Больше она не могла терпеть.
— Как я смею, вы говорите! О Господи, а я-то искренне считала себя в чем-то повинною перед вами. Я думала, вы меня невзлюбили за то, что я не рожала вам внуков. Думала, вы полагаете, будто я отнимаю у вас Людовика — оттого и не любите меня самое… Сколько раз мне хотелось пасть к вашим ногам, взять ваши руки — вот как я сделала это сейчас — и сказать: «О, мадам! Мы же обе любим его, обе им больше всего на свете дорожим — так отчего же нам ссориться?» Но я боялась, я робела, стыдилась какой-то вины перед вами, о которой не знала сама. А не было во мне вины! Была только ваша гордыня и ревность — да, ваше величество, жгучая ревность женщины к женщине и желание властвовать безраздельно над тем, кого вы почитаете своим и ничьим больше — вот что вами движет, Бланка Кастильская! Пока вы растили его, вы привыкли себя считать его владычицей, королевой. Но вы не его королева больше, вот уже десять лет как нет, мадам. Десять лет как у него есть другая королева, своя! И за это вы меня ненавидите!
— Королева? Ты? — с бесконечным презрением сказала Бланка, кривя губы и глядя на Маргариту так, будто и впрямь пред нею была ползучая гадина или наглая рыжая потаскуха, бесстыже раскинувшаяся голой посреди кровати. — Вот в чем все дело? Хочешь быть королевой — впрочем, я так и знала. Но я скажу тебе, милочка, что ты такая же королева, как дворцовая бельевщица. Только одна королева может быть во Франции, только одна, слышишь? И пока я жива, не тебе ею быть!
— Видите? — подхватила Маргарита в каком-то диком, сладкожелчном восторге. Ее унесло, и влекло все дальше, и она не противилась больше порыву, долго, слишком долго зревшему в ней. Если бы она увидела себя сейчас, в это миг, со стороны, если б вспомнила облик суккуба, изгнанного ею из спальни Людовика годы назад, — ей стало бы страшно. — Видите, что я вам говорю? Это снова ваша гордыня! С чего вы решили, что я хочу быть королевой Франции? Не нужна мне эта корона — забирайте ее себе, вы всегда ее так хотели! Но мужчину, что ее носит — о, мужчину трогать не смейте больше. Меня, меня, а не вас, он взял в помощь нести с ним крест! Я люблю его, я всегда только его одного любила, я его жена перед людьми и Богом. И если бы был он не королем, а нищим крестьянином — мне все равно, я любила бы его так же, а то и во сто крат сильнее, потому что ни одна крестьянская мать не встанет меж своим сыном и его законной женою так, как вы, Бланка Кастильская! Вы тут стенали и жаловались, что он ослушался вас — но не то ли он сделал, на что вы его всегда готовили? Вы растили из него короля, растили из него святого — так забирайте себе короля и святого, а мужчину оставьте мне! Вам он не муж!

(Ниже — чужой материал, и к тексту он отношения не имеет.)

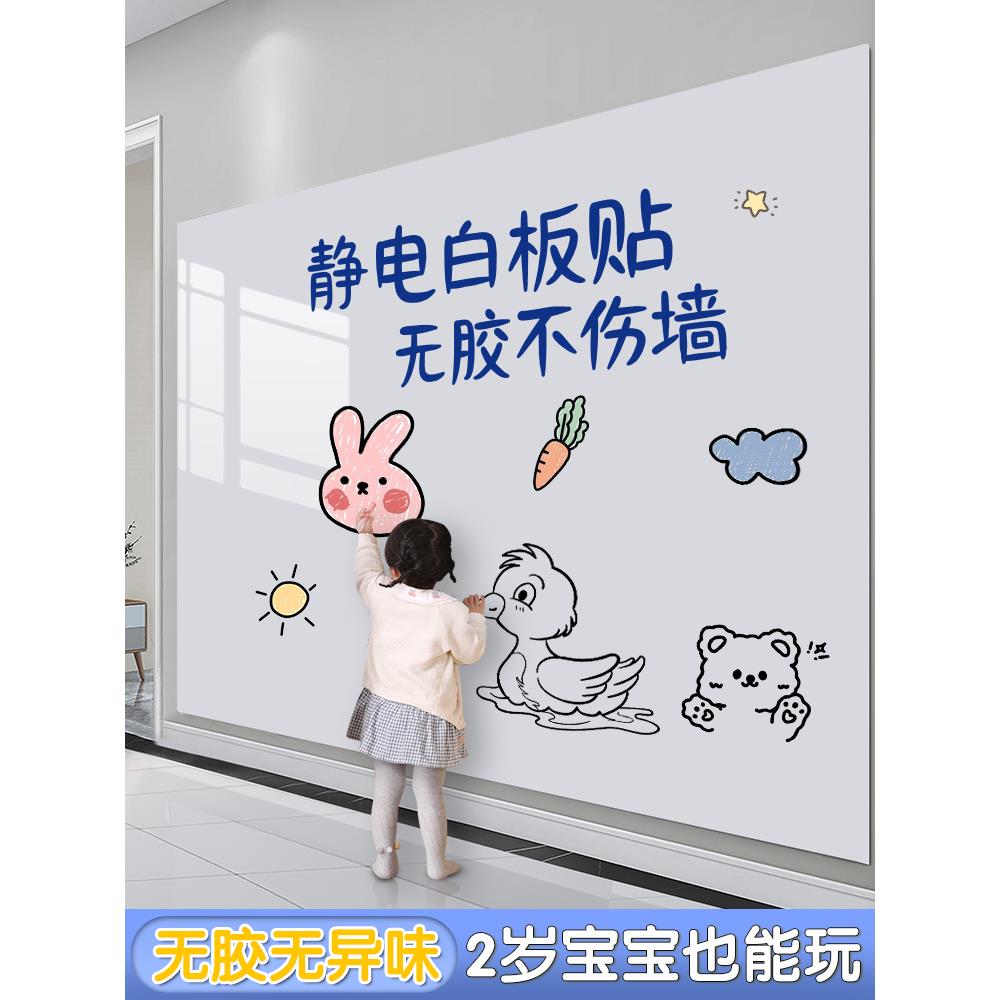 静电白板墙壁贴纸吸附家用可移除免胶不伤墙儿童卧室涂鸦画画板可擦写

И, бросив победный взгляд на серое, как ее покрывала, лицо Бланки Кастильской, лишь беззвучно шевельнувшей губами, Маргарита повернулась к ней спиной и вышла — вышла в темном, яростном торжестве, пыша тем неистовым гневом, что делает человека демоном, а христианина — крестоносцем.
Больше Маргарита Прованская никогда не видела Бланки Кастильской. Так Господу было угодно, чтобы жили они в неприязни и расстались в ненависти, большей, чем когда-либо прежде. Следующим днем королевская семья переправилась на корабль, отбывающий на Кипр. Шлюпка уже отчалила и преодолела половину пути до корабля, когда Маргарита, сидя на корме и пытаясь удержать волосы, которые резкий ветер забрасывал ей в лицо, увидела одинокую серую фигурку, появившуюся на причале. Фигурка стояла на самом краю, будто готовясь упасть с него в мутную зеленую воду; ветер рвал подол ее платья и покрывало. Людовик, сидевший в шлюпке с Маргаритой рядом, заметил, что она смотрит на берег, и мягко сказал ей что-то, что должно было, по мысли его, ее ободрить и утешить, — что дело их ждет благое, что не следует идти в море с печалью в сердце, что однажды во славе они вернутся…
«Скажи, — шепнул чей-то тихий и слабый голос в глубине сердца Маргариты Прованской, — скажи ему, чтоб оглянулся и посмотрел туда, что она там, что она пришла с ним проститься. Скажи…»
Долго, долго глядела Маргарита на фигурку, сереющую на краю опустевшей пристани; а потом ее скрыло волной.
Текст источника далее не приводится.